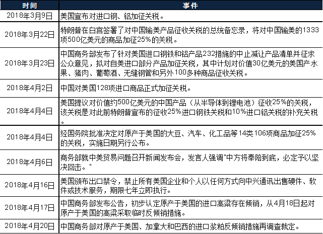 3月22日特朗普总统在白宫签署了对中国输美产品征收关税的总统备忘录,将对1333项共计500亿美元的商品加征25%的关税,此后中国在4月2日对美国128项进口商品正式加征关税,中美本轮贸易战正式打响。此后在4月4日前后,中美再次交锋,面对美国的加征关税,中国商务部提出拟对原产于美国的大豆、汽车、化工品等商品加征25%的关税,实施日期另行公布。4月16日,美国对中兴通讯出手,禁止所有美国企业和个人以任何方式向中兴通讯出售硬件、软件或技术服务,期限七年立即执行。中国随后进行了反击,于17日宣布对原产于美国的高粱采取临时反倾销,20日宣布对原产于美国、加拿大和巴西的进口浆粕采取反倾销再调查裁定。
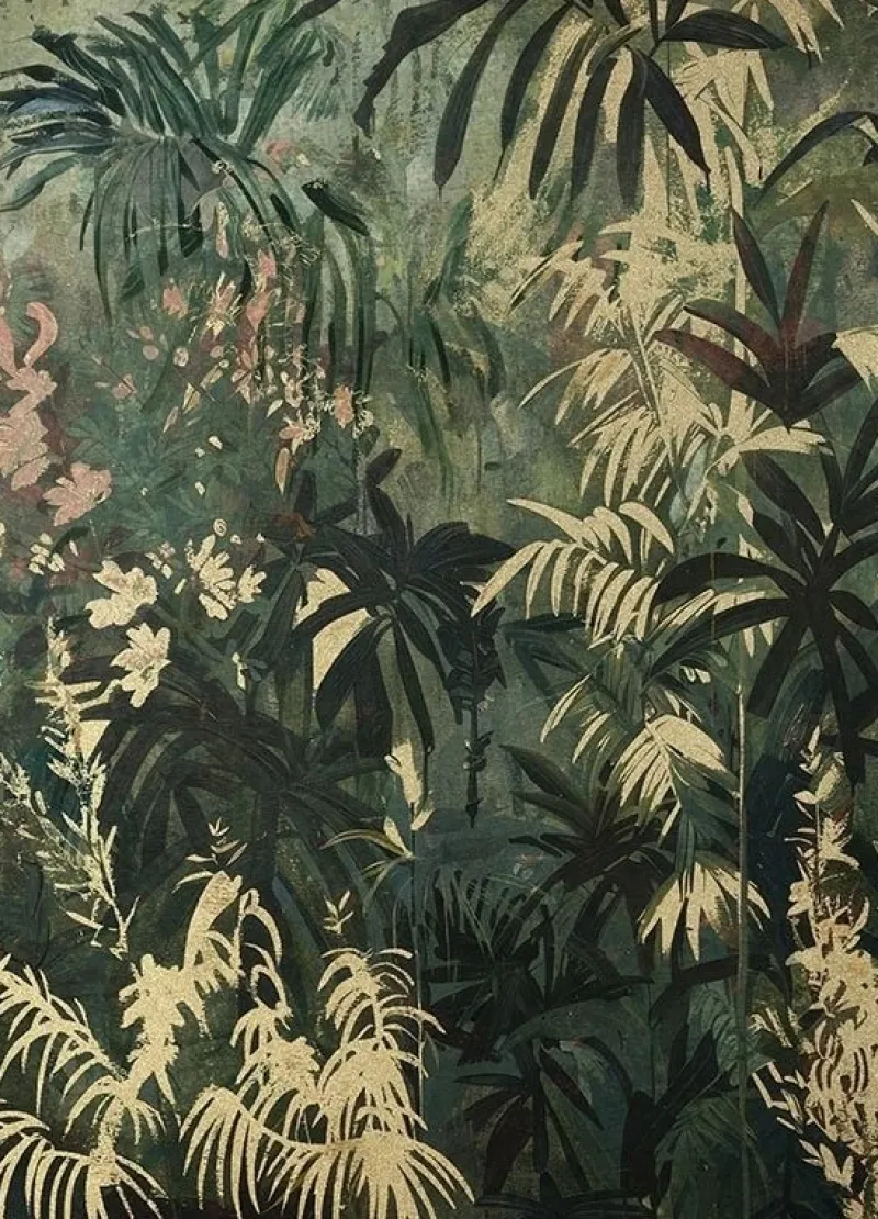 STAMPA SU TELA CON APPLICAZIONI FOGLI DORATI. CORNICE IN PLASTICA. TELAIO IN LEGNO.
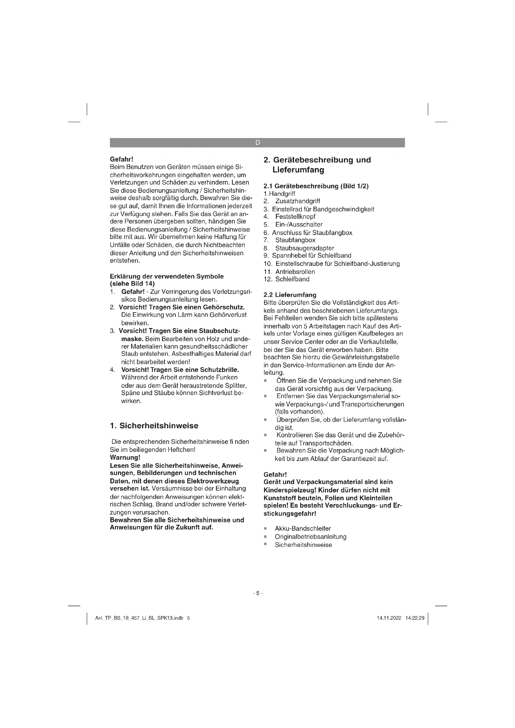 Halten Sie Schutzvorrichtungen, Luftschlitze und Motorengehäuse so staub- und schmutz- frei wie möglich. Reiben Sie das Gerät mit einem sauberen Tuch ab oder blasen Sie es Anl_TP_BS_18_457_Li_BL_SPK13.indb 8Anl_TP_BS_18_457_Li_BL_SPK13.indb 8 14.11.2022 14:22:3114.11.2022 14:22:31D
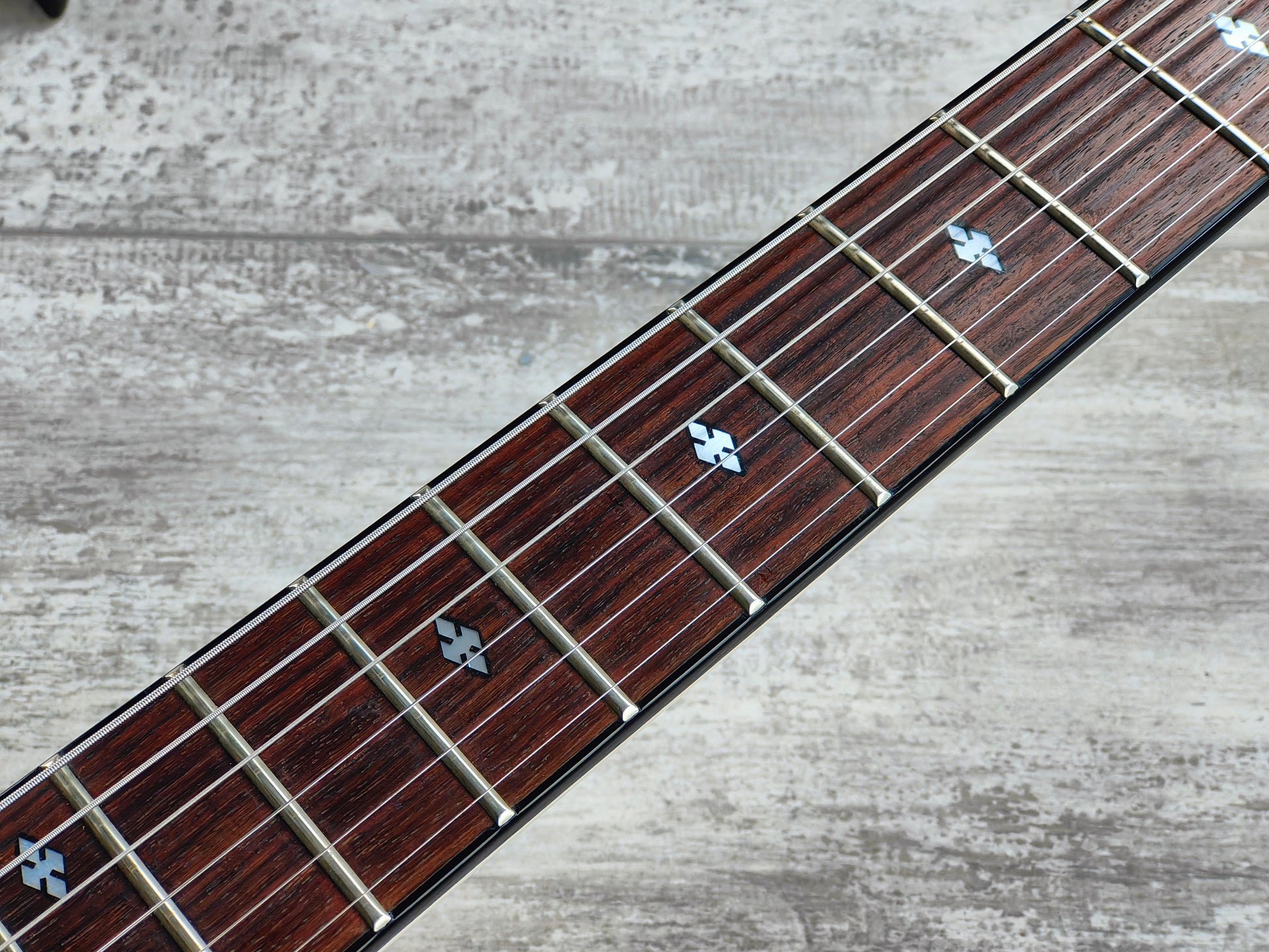 Japanese made in the late 1980's, the SFX guitars were a signature series for Kyoji Yamamoto. The SFX-I was the highest end model in the range, featuring a maple set-neck construction with a mahogany body, bound maple top and rosewood fingerboard (24 frets, 628mm scale length), it weighs 4.4kg's. Rocking Magic II locking tremolo system and a pair of Power Guerrilla rail humbuckers controlled by master volume/tone knobs, a coil split toggle and an active power boost toggle.
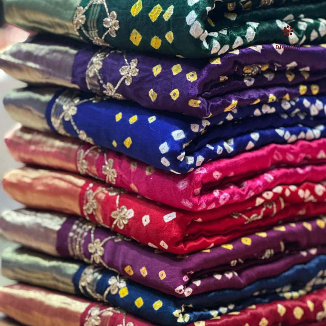 Saree Fabric: Exquisite Gaji Silk Original Bandhani Saree, featuring intricate Ek Dani Bandhani design and traditional Gota Patti handwork. Crafted from pure modal Gaji silk, it showcases an authentic Lagdi Patta pallu adorned with meticulous handwork. The saree is a testament to skilled craftsmanship, with all-over hand-done Bandhej patterns.
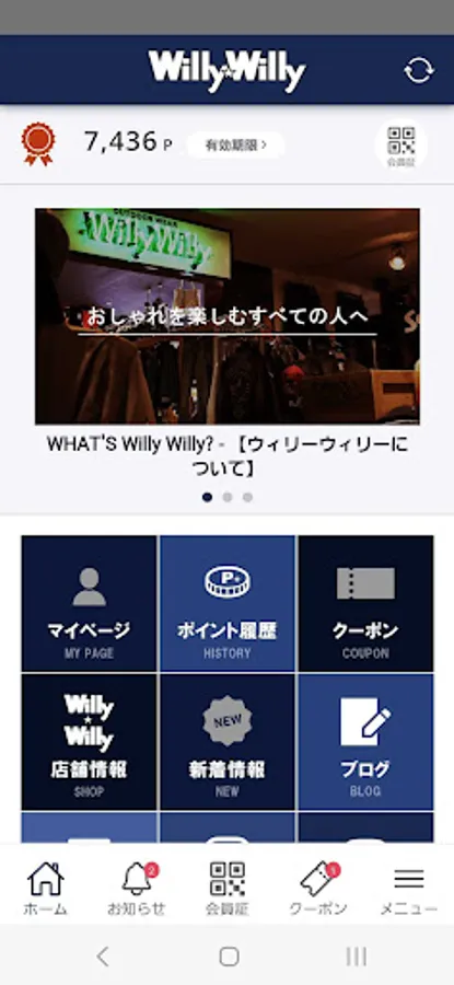 You can open it by tapping the "Membership card" area at the top of the "Home" screen, or by pressing the "Membership card" button at the bottom.

+ + + + +

Print the material above exactly, skipping its images.

 3月22日特朗普总统在白宫签署了对中国输美产品征收关税的总统备忘录,将对1333项共计500亿美元的商品加征25%的关税,此后中国在4月2日对美国128项进口商品正式加征关税,中美本轮贸易战正式打响。此后在4月4日前后,中美再次交锋,面对美国的加征关税,中国商务部提出拟对原产于美国的大豆、汽车、化工品等商品加征25%的关税,实施日期另行公布。4月16日,美国对中兴通讯出手,禁止所有美国企业和个人以任何方式向中兴通讯出售硬件、软件或技术服务,期限七年立即执行。中国随后进行了反击,于17日宣布对原产于美国的高粱采取临时反倾销,20日宣布对原产于美国、加拿大和巴西的进口浆粕采取反倾销再调查裁定。
 STAMPA SU TELA CON APPLICAZIONI FOGLI DORATI. CORNICE IN PLASTICA. TELAIO IN LEGNO.
 Halten Sie Schutzvorrichtungen, Luftschlitze und Motorengehäuse so staub- und schmutz- frei wie möglich. Reiben Sie das Gerät mit einem sauberen Tuch ab oder blasen Sie es Anl_TP_BS_18_457_Li_BL_SPK13.indb 8Anl_TP_BS_18_457_Li_BL_SPK13.indb 8 14.11.2022 14:22:3114.11.2022 14:22:31D
 Japanese made in the late 1980's, the SFX guitars were a signature series for Kyoji Yamamoto. The SFX-I was the highest end model in the range, featuring a maple set-neck construction with a mahogany body, bound maple top and rosewood fingerboard (24 frets, 628mm scale length), it weighs 4.4kg's. Rocking Magic II locking tremolo system and a pair of Power Guerrilla rail humbuckers controlled by master volume/tone knobs, a coil split toggle and an active power boost toggle.
 Saree Fabric: Exquisite Gaji Silk Original Bandhani Saree, featuring intricate Ek Dani Bandhani design and traditional Gota Patti handwork. Crafted from pure modal Gaji silk, it showcases an authentic Lagdi Patta pallu adorned with meticulous handwork. The saree is a testament to skilled craftsmanship, with all-over hand-done Bandhej patterns.
 You can open it by tapping the "Membership card" area at the top of the "Home" screen, or by pressing the "Membership card" button at the bottom.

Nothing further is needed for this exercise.